Kurz vor Weihnachten haben wir im Zuge des Latein-Wahlpflichtfaches, passend zu unserem Unterrichtsthema „Essen und Trinken in römischer Zeit“, ein dreigängiges „Menü“ gekocht. Die Rezepte für unser Mahl entnahmen wir dem Kochbuch „De re coquinaria“ („Über die Kochkunst") des berühmten Marcus Cavius Apicius, welcher im 1. Jahrhundert nach Christus lebte.
Als sogenanntes „Gustum“ oder Vorspeise bereiteten wir „Pepones et Melones“ zu. Dabei handelt es sich um einen Honigmelonen-Salat, mariniert mit Minze, Pfeffer, Honig, Garum und etwas Essig.
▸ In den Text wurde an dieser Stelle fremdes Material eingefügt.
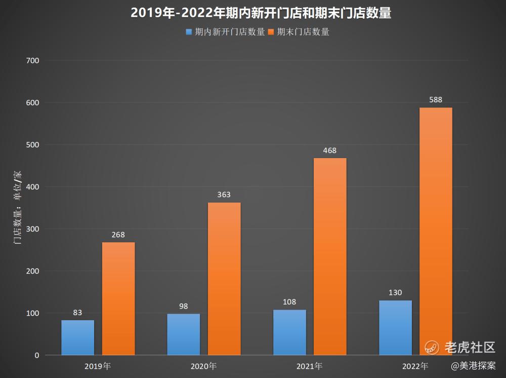 门店数量:根据招股书显示,旗下门店数量由2019年的268家增长119.4%至截止2022年12月30日的588家,复合年增长速度26.86%,公司在开店速度方面还是比较克制的,并没有走那种快速铺店模式,这样的结果就是能够保证开店质量,不过容易错失市场。

Zur „Mensa Prima“, was so viel wie Hauptspeise bedeutet, kochten wir „Esicia Amulata“. Das ist eine Würzsuppe, oder besser gesagt eine Art Eintopf mit Rindfleisch, viel Zwiebeln, Bohnen und den Gewürzen Ingwer, Liebstöckl, Liquamen, Majoran, Pfeffer und etwas Honig. Die Krönung des Menüs aber schlechthin gelang uns mit dem Dessert oder besser gesagt mit der „Mensa Secunda“: Ein Birnenauflauf, genannt „Patina de Piris“, der nicht nur herrlich duftete, sondern auch sehr lecker schmeckte. Trauben und ein süßer „succus e malis“ (Apfelsaft) rundeten das ganze Festmahl noch ab und natürlich durfte auch der passende Dresscode – Toga und Lorbeerkranz – nicht fehlen.

Es war für uns alle ein spannender, lehrreicher und zugleich „köstlicher“ Latein-Nachmittag!